Vulnerability computed from the ensemble particle tracks for metamodel subdomain A (see Figure 1) using the (a) zones parametrization (Vzones), (b) ppoints parametrization (Vppoints), and (c) maximum value for each grid cell (Vmax).

The model results also reveal stream segments that are vulnerable to contamination because they receive groundwater discharge from flow paths that intercept UOG wells. This information can strengthen empirically based inferences on source attribution of surface water contamination. For example, Agarwal et al.77 used multiple upstream–downstream water samples to attribute elevated downstream levels of chloride to a spill at the Greene-1 UOG site, and our model results reinforce this interpretation by demonstrating that this stream is highly vulnerable to contamination to spills from this location (Figure S7).

Metamodel Evaluation

Metamodels displayed excellent performance within subdomains for the 70% training and 30% internal testing data sets, showing that they were able to extract the desired information from the physically based model and accurately generalize it in their surrounding locales (Table S3).
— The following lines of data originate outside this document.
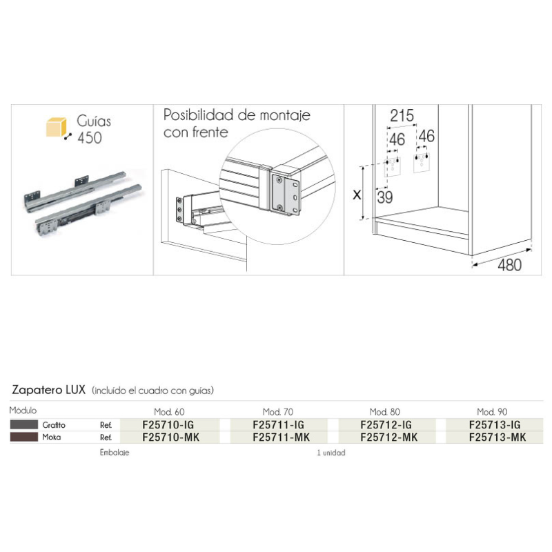 Se adapta al ancho del módulo y está disponible en acabado grafito y moka, ofreciendo una solución ordenada, accesible y moderna para armarios y vestidores.
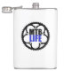The flask itself is fine. It’s a cheap flask, obviously bought in bulk, however am prepared to overlook that. Given that it is a personalized item, I would have liked to have seen gift boxing instead of the generic packaging. Terrible printing, and/or quality. It’s a cheap, tacky vinyl. It is not cut straight and is also applied in a way that it is overhanging the bottom, causing the glue to catch on items and it will eventually roll and tear, damaging the wrap.
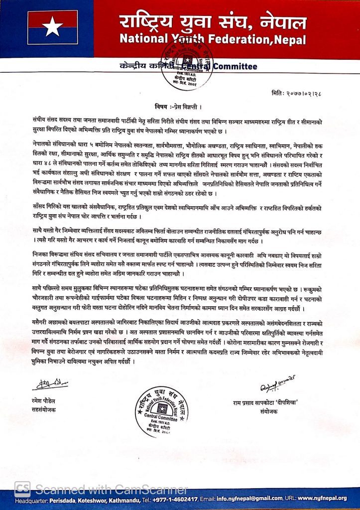सांसद गिरीको अंसवैधानिक, राष्ट्रहित प्रतिकुल एवम देशको स्वाभिमानमाथि आँच आउने अभिव्यक्ति र राष्टहित विपरितको हर्कतको राष्ट्रिय युवा संघ नेपालले घोर आपत्ति र भत्र्सना गरेको छ ।
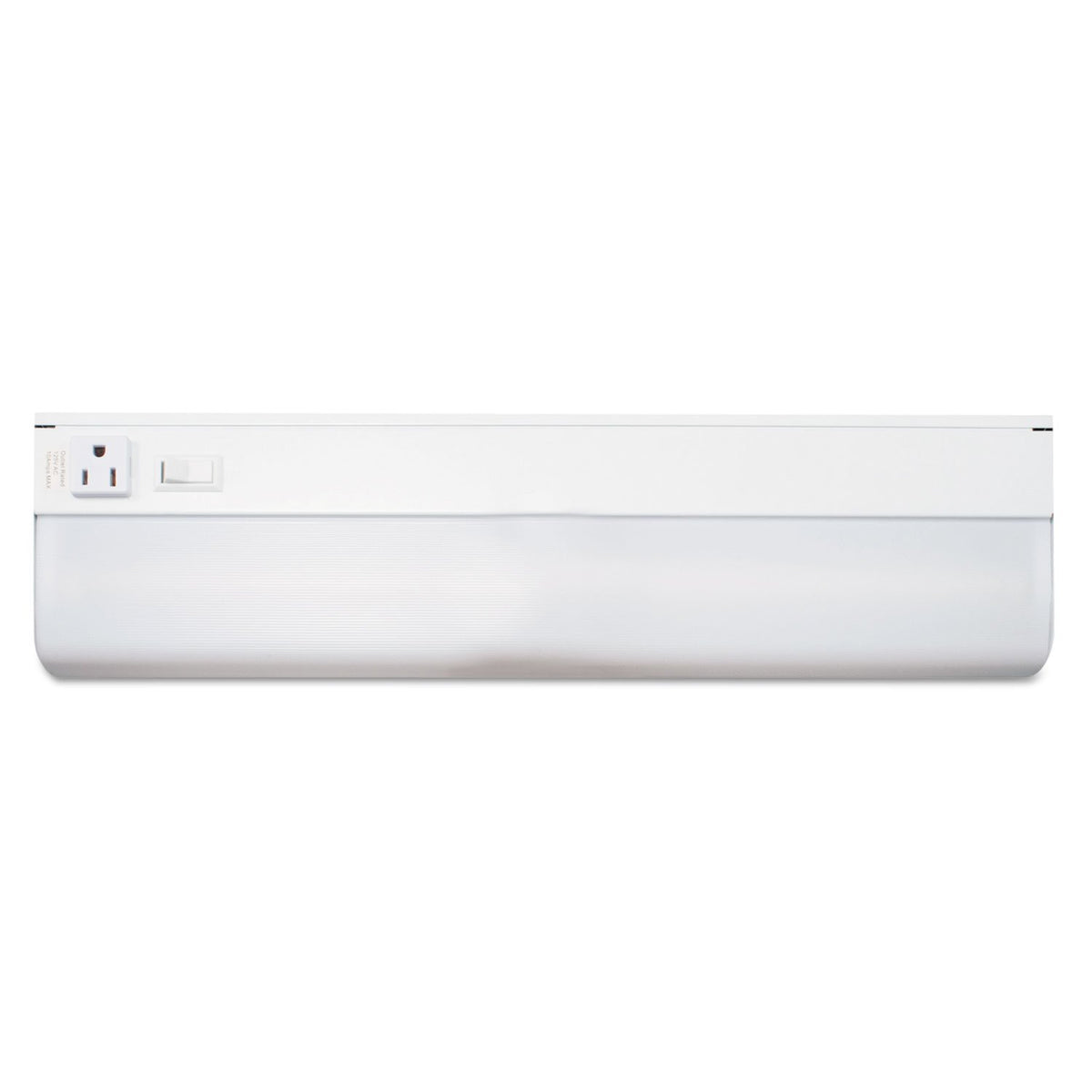 Under-cabinet light features an all-white steel housing, on/off rocker switch and snap-in ribbed acrylic diffuser. 64'' cord has a two-prong grounded plug. Under-cabinet light includes mounting hardware and fluorescent tube. Energy-efficient light is easy to install, and bulbs are easy to replace. Replacement bulb is a 15 watt T8 tube. U.L. listed.
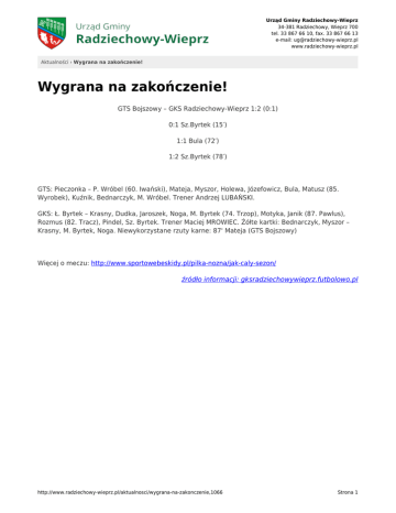Urząd Gminy Radziechowy-Wieprz 34-381 Radziechowy, Wieprz 700 tel. 33 867 66 10, fax. 33 867 66 13 e-mail: [email protected] www.radziechowy-wieprz.pl Aktualności › Wygrana na zakończenie! Wygrana na zakończenie! GTS Bojszowy – GKS Radziechowy-Wieprz 1:2 (0:1) 0:1 Sz.Byrtek (15′) 1:1 Bula (72′) 1:2 Sz.Byrtek (78′) GTS: Pieczonka – P. Wróbel (60. Iwański), Mateja, Myszor, Holewa, Józefowicz, Bula, Matusz (85. Wyrobek), Kuźnik, Bednarczyk, M. Wróbel. Trener Andrzej LUBAŃSKI. GKS: Ł. Byrtek – Krasny, Dudka, Jaroszek, Noga, M. Byrtek (74. Trzop), Motyka, Janik (87. Pawlus), Rozmus (82. Tracz), Pindel, Sz. Byrtek. Trener Maciej MROWIEC. Żółte kartki: Bednarczyk, Myszor – Krasny, M. Byrtek, Noga. Niewykorzystane rzuty karne: 87' Mateja (GTS Bojszowy) Więcej o meczu: http://www.sportowebeskidy.pl/pilka-nozna/jak-caly-sezon/ źródło informacji: gksradziechowywieprz.futbolowo.pl http://www.radziechowy-wieprz.pl/aktualnosci/wygrana-na-zakonczenie,1066 Strona 1
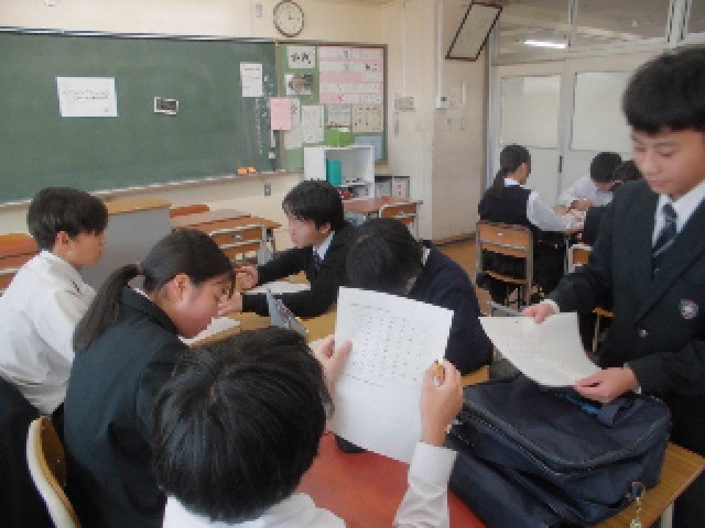 今日は2学期末考査の2日目でした。午前中は数学・理科・保健体育の3教科、給食後には美術の試験が行われました。どのクラスでも、生徒たちは集中して問題に取り組んでいました。最後の教科が終わると、教室の方から解放感から出た大きな声が聞こえてきました。
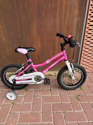Bicicleta infantil de 14 pulgadas, ideal para los más pequeños. - Color rosa - Incluye ruedines de apoyo - Cadena protegida -Frenos V-brake
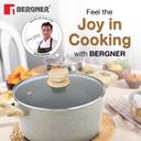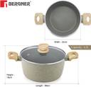 Bergner Naturally Ceramic Forged Aluminum Casserole is a versatile and durable cookware piece designed for healthy and efficient cooking. Crafted from high-quality forged aluminum, this casserole ensures even heat distribution, preventing hot spots and burning, allowing you to cook with less oil and maintain the integrity of your food. The inside grey ceramic coating provides a non-stick surface, reducing the need for excessive oil and promoting healthier meals. The outside grey HTR with marble dots adds a touch of elegance to your kitchen. The wooden soft touch handles provide a comfortable grip and stay cool to the touch, even during cooking. The glass lid with a steam vent allows for easy monitoring of your cooking and prevents excessive moisture buildup, ensuring your food cooks evenly and retains its flavor. This casserole is ideal for a variety of dishes, including stews, curries, and braises. With its exceptional performance, durability, and stylish design, the Bergner Naturally Ceramic Forged Aluminum Casserole is a valuable investment for home cooks who appreciate quality and efficiency. Whether you're a seasoned chef or a beginner, this casserole will help you create delicious and healthy meals with ease.
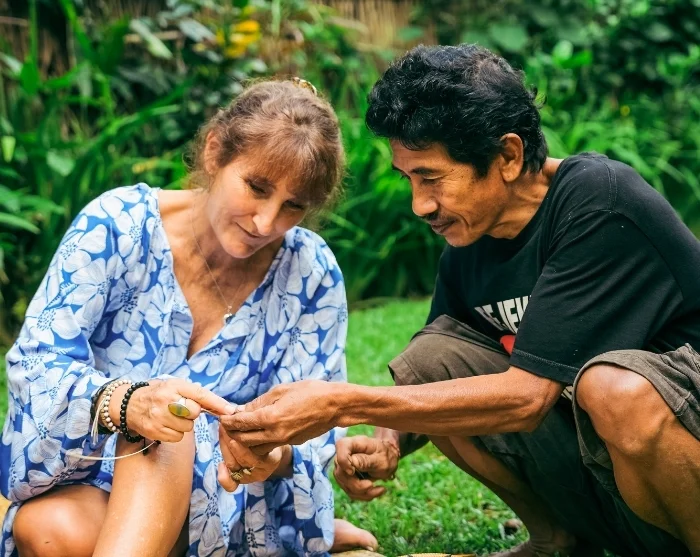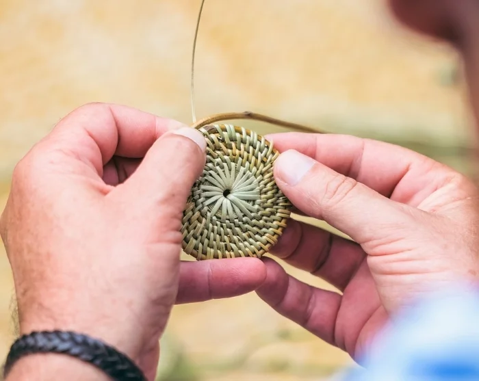 Arbeidet utføres med hata-tre, en rankelignende og fleksibel fiber som i århundrer har vært brukt i balinesisk flettverk. Under tålmodig veiledning lærer du å forberede fibrene ved å skrelle, tørke og mykgjøre dem før du går i gang med selve flettingen. Det rolige, gjentakende arbeidet skaper en nærmest meditativ stemning, der fokuset naturlig samler seg om prosessen.
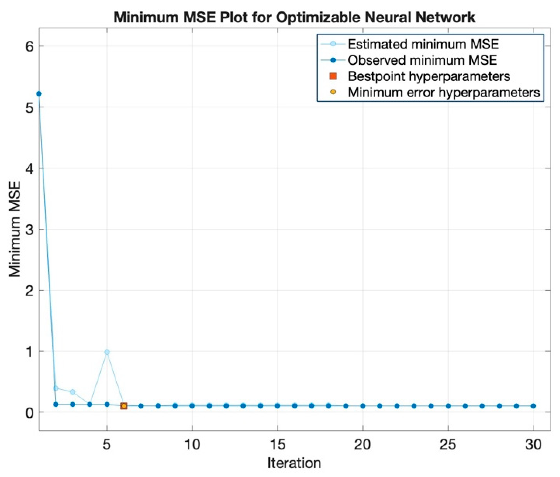 The minimum Mean Squared Error (MSE) plot for the optimizable neural network is shown in
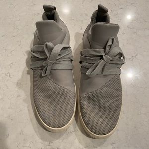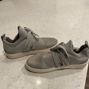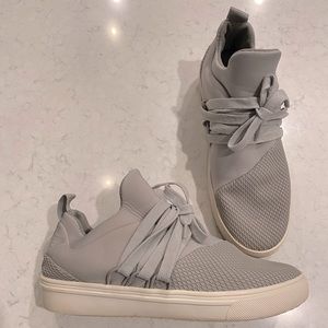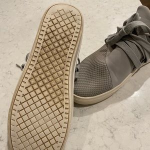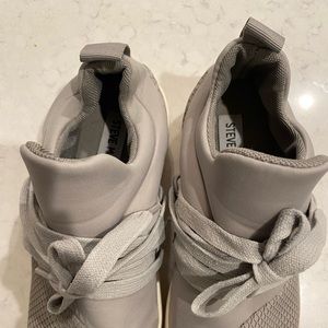 Gray Steve Madden Lancer sneakers. A little worn and run a little big. I normally wear a 7. Sole is a cream color, not white
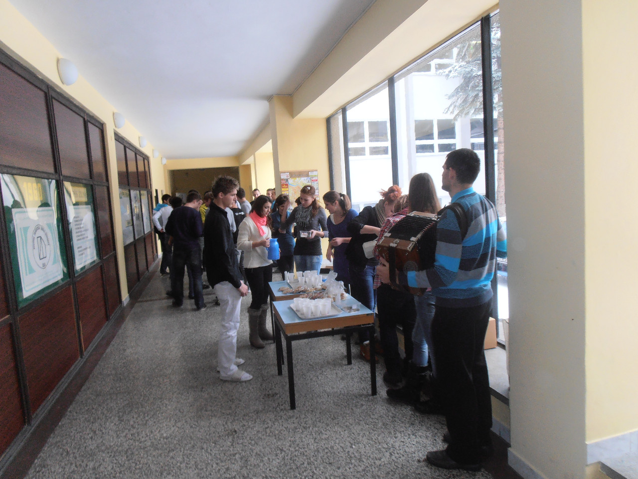 S nápadom pomôcť chorým deťom prostredníctvom projektu KRTEK V SÍTI nás oslovili naši rovesníci z Obchodnej akadémie, Veľká okružná 32, Žilina, ktorí navarili detský punč, napiekli medovníčky a kysnuté rožteky a prišli ich na našu školu predávať za symbolickú sumu. Pri predaji príjemnú atmosféru dotvárali tóny klasickej heligonky, ktoré nám vylúdil žiak z obchodnej akadémie.
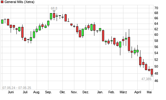 Mit dem Rücksetzer auf 48,01 EUR hat die General Mills-Aktie (ISIN US3703341046) am 06.05.2025 ein neues 3-Jahres-Tief erreicht und damit den Kurs vom 29.04.2025 eingestellt.

Metamodel performance evaluated across other subdomains also support their potential transferability to regions with similar hydrogeologic settings. In the round-robin approach, accuracy ranged from 0.62 to 0.87 (mean = 0.75) and AUC-ROC ranged from 0.81 to 0.94 (mean = 0.87), while in the leave-one-out approach, accuracy ranged from 0.71 to 0.86 (mean = 0.79) and AUC-ROC ranged from 0.83 to 0.94 (mean = 0.88) (Table S4). Within the round-robin framework, metamodels trained using larger subdomains generally outperformed those using smaller subdomains. Similarly, metamodels trained under the leave-one-out framework performed better than those trained under the round-robin approach. These findings suggest that better transferability and predictive performance can be attained by metamodels trained with a wider array of physical settings and predictor–outcome combinations, increasing the likelihood that the training will encounter conditions resembling those in other regions. Within the round-robin framework, the metamodel trained on subdomain D attained the highest performance metrics on average, suggesting that this subdomain had the greatest transferability and that it encompassed hydrogeologic conditions and UOG source distribution that most resembled those in the other subdomains. Within the leave-one-out framework, the metamodel trained on subdomains A–G for predicting vulnerability in subdomain H attained the highest performance metrics, suggesting conditions in subdomain H were encompassed by those in the other subdomains.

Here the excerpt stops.